### [Required action]
Somewhere below, one line contains "14k Yellow Gold" and a later line contains "Stoßgriff E5092,Befestigungsabstand 1.200,Länge". Output those two lines and everything between them exactly, and nothing else.

Given information Block Start

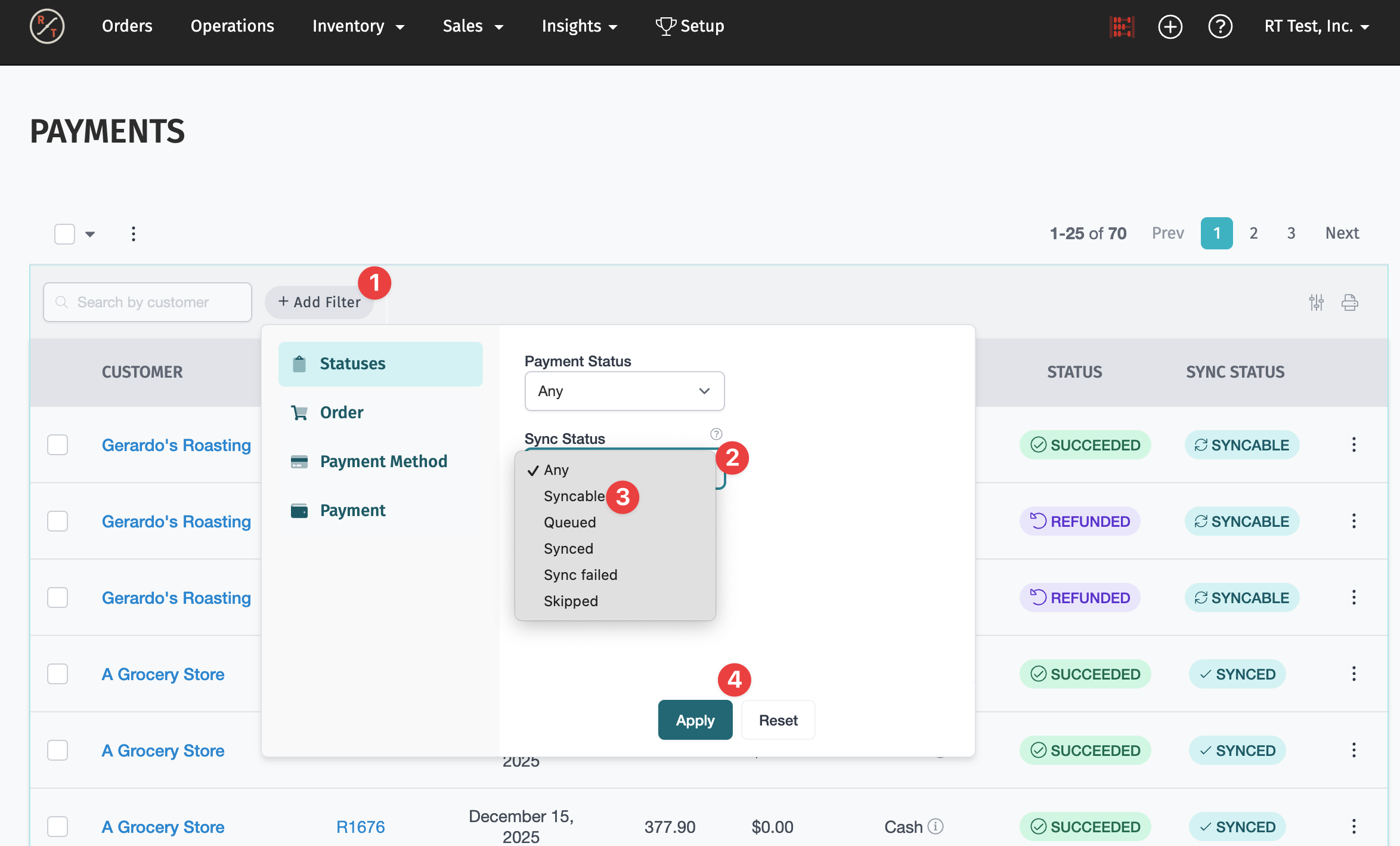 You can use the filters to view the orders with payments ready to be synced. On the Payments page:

Given information Block End
Given information Block Start

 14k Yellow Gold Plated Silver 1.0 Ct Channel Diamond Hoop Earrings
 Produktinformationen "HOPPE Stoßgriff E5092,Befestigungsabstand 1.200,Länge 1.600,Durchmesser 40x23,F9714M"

Given information Block End

### [Answer area]
 14k Yellow Gold Plated Silver 1.0 Ct Channel Diamond Hoop Earrings
 Produktinformationen "HOPPE Stoßgriff E5092,Befestigungsabstand 1.200,Länge 1.600,Durchmesser 40x23,F9714M"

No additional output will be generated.